A photon, a particle of electromagnetic radiation, and light, has position, time, electric field which induces a magnetic field by movement, and this reverse and again, first, traps this particle in a wave which constantly repeats its primitive processes. Its modest knowledge, the number of options x, is just an opportunity for the above approximation of the logarithm of this variable by the square root. And that is that.

Lenity

Question: People are becoming more tame?

Answer: The observation that humans are "domesticated" far precedes the idea that we have evolved. From ancient times we have described ourselves as polite, unlike the creatures of the wild. It is actually an assumption about the process of selection against aggression, like domestic mammals, which was self-induced (Self-Domestication) in humans. That people are evolving into tame ones — there is still a hypothesis in official science, together with the "information theory" where that follows as the thesis from "principled minimalism".

The effect of this principle, the least information (action), can be compared with the permanent gravitational force on the ground, constant acceleration (g = 9,81 m/s²), which reduces the initial velocity of the oblique shot, as in the picture on the left.

We know that the initial velocity of an obliquely thrown stone is the vector v = (v_x,v_y) with two components. Ignoring the air resistance, we find that the first component (v_x), which represents the horizontal velocity of the stone, remains steady during the further flight, while the second, vertical (v_y), decreases by gt, where t is the elapsed time. The result is a parabolic trajectory of a given image.

Life possesses an excess of information like a storm that possesses an excess of action, and which the principle of the least information (action) consumes slowly, on a daily basis, hardly noticeably, but persistently. In a way reminiscent of the aforementioned gravitational.

Living beings renounce their surpluses both for the benefit of the inanimate matter around them and for the benefit of the organization to which they belong. They thus lose personal freedom (amount of options, actions), and in another case they contribute to the collective in the same amount of their appropriate losses. To the extent that they lose from the intellectual, the range of personal freedoms, options and actions, the community gains.

Brain

Question: Have you seen this?

“A surprising fact about humans today is that our brains are smaller compared to the brains of our Pleistocene ancestors. Why our brains have reduced in size has been a big mystery for anthropologists,” explained co-author Dr Jeremy DeSilva, from Dartmouth College. — The article (human brains decrease) and a question send me a colleague.

Answer: Yes, recently and second hand, thanks for the original!

The attachment is a confirmation of expectations from information theory. By organizing, we surrender freedom (the amount of options, information) to the collective, in accordance with the "principle of minimalism of information" and at the same time we evolve into less intelligent ones.

However, before me, it was noticed that tame animals have smaller brains. Domestication reduces the brain, but questions remain as to what extent it affects intelligence, the type of intelligence, and whether it is possible to somehow have it both ways. Of course, no one but me associated it with the "transfer of freedom from the individual to the collective."

Components

Question: What does information "consist" of?

Answer: If you mean classic, technical information, the right place to look for answers is an encyclopedia. In Britannica, picture on the left, for "5 Components of Information Systems" are listed: hardware, software, telecommunications, databases and human resources with procedures.

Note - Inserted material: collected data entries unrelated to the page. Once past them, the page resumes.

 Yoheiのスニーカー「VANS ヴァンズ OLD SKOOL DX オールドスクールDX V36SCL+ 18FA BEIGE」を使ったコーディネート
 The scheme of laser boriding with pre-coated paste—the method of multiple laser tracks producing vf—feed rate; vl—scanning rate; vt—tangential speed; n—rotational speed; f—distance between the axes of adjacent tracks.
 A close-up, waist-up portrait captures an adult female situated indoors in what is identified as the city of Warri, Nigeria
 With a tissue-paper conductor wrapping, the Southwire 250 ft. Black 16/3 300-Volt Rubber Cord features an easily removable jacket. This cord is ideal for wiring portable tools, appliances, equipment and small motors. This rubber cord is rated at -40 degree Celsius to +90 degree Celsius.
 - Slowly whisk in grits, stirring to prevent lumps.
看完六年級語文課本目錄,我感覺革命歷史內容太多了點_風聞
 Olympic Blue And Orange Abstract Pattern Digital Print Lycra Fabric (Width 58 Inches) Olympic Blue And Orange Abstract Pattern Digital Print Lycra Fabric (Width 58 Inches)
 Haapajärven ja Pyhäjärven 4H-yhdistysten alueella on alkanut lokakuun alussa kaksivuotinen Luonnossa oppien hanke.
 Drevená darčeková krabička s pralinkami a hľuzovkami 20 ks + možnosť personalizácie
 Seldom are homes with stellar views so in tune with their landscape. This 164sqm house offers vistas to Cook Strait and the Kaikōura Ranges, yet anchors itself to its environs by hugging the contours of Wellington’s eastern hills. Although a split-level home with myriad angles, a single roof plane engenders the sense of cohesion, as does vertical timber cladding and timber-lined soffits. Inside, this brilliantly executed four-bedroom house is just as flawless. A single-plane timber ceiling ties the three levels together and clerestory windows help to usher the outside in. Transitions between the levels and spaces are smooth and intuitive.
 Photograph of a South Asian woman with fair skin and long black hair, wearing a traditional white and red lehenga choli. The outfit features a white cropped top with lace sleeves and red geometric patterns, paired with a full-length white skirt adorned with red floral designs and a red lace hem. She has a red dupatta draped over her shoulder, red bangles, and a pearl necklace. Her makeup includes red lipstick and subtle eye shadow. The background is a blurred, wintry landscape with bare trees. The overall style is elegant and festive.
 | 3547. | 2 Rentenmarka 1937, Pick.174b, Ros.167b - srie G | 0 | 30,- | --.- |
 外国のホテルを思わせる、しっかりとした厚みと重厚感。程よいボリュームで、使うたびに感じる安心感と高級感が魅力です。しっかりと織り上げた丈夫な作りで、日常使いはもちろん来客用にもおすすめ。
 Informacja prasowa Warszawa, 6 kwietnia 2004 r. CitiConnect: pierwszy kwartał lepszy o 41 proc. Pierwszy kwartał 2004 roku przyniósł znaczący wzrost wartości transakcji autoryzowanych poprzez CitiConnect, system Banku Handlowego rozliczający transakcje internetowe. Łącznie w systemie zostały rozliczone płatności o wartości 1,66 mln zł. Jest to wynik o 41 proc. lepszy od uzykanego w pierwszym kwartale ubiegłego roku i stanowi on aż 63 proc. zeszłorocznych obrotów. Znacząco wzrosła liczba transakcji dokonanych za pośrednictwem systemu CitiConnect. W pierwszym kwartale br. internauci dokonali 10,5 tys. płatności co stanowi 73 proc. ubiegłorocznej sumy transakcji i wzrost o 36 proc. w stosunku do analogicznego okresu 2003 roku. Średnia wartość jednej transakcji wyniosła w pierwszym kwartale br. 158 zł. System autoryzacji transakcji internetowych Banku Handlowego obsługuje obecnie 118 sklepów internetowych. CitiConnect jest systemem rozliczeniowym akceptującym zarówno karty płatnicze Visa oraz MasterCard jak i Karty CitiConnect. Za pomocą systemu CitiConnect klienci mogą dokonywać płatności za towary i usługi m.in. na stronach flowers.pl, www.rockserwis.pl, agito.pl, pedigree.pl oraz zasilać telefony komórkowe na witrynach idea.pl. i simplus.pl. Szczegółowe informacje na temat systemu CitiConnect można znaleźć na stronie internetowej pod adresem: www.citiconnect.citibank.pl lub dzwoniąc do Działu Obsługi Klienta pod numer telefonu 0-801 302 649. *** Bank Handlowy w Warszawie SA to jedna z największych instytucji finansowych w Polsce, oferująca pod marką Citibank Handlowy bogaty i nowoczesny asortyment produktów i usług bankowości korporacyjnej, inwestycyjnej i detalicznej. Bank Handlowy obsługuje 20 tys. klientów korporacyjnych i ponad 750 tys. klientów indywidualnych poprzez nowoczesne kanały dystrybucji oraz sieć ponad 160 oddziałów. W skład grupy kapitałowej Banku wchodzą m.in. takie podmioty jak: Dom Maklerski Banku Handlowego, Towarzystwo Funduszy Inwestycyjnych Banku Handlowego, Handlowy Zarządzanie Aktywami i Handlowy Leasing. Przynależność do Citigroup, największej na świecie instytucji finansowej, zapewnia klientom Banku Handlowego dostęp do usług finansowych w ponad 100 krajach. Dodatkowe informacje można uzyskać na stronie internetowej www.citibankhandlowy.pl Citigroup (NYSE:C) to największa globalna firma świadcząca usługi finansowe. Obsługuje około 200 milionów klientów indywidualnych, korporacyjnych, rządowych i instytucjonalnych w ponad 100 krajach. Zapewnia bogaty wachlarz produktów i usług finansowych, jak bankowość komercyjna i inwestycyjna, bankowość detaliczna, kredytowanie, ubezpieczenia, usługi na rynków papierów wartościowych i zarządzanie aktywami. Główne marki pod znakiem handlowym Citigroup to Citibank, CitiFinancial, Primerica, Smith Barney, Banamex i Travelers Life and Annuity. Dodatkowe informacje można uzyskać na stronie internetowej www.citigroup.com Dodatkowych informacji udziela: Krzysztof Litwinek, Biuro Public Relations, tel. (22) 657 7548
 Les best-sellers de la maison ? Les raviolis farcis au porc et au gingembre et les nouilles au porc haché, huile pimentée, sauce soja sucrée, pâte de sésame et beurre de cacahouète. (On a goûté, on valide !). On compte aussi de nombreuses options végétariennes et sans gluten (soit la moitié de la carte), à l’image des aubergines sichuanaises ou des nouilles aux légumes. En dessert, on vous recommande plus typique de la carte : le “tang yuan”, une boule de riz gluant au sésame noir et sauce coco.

If you want an answer from my theory, then information, above all, consists of subject and object. It is a number like S = ax + by + cz + ..., which is a scalar product of the vectors, or arrays (a,b,c,...) and (x,y,z,...), something like "Limbo", the so-called a place between heaven and hell (in a figurative sense, of course), which does not exist without both, the subject and object. To continue, you can read about "Information Perceptions".

Question: Do I have another way of treating information?

Answer: Yes. As information is a measure of the amount of options, its first division could be into "known" and "unknown" options. There are no absolutely known options and therefore quotation marks. For the criterion of "familiarity" should be a reference, a subject without which that determinant does not make sense.

So, if we have a subject whose known options define a series (a₁,b₁,c₁,...), and unknown (a₂,b₂,c₂,...), for the same previously mentioned components of the object, then it is (a₁,b₁,c₁,...) + (a₂,b₂,c₂,...) = (a,b,c,...), that is a₁ + a₂ = a, b₁ + b₂ = b, c₁ + c₂ = c, ... which is in accordance with the law of information conservation.

Question: Is it possible to have a compound of something that "does not exist"?

Answer: There is not enough heat to start a fire, more combustible material and oxygen are needed. If all the ingredients come together and something unlike them is created. It is similar with "perception information".

Fire is neither paper nor oxygen, just as information perception is not one of coupled, say abilities and limitations. However, the sub-question (by the way, I was asked) whether there are ingredients for that information, somewhere in a universe, is a matter of fantasy, but also of mathematics.

If phenomena such as the "ability" of subjects (to overcome the "limitations" of objects) with which they can be connected, which we call "information of perception", meet otherwise very strict truth criteria of the logic of mathematics itself, then the theory of them will also be a branch of mathematics. And then it is possible for science to accept or discover "universes" of such phenomena, because there are probably no such branches of mathematics that we do not discover over time as a strong basis for some reality.

Reciprocity

Question: Is there for the "information of perception" some special, convenient form and interpretation for game theory?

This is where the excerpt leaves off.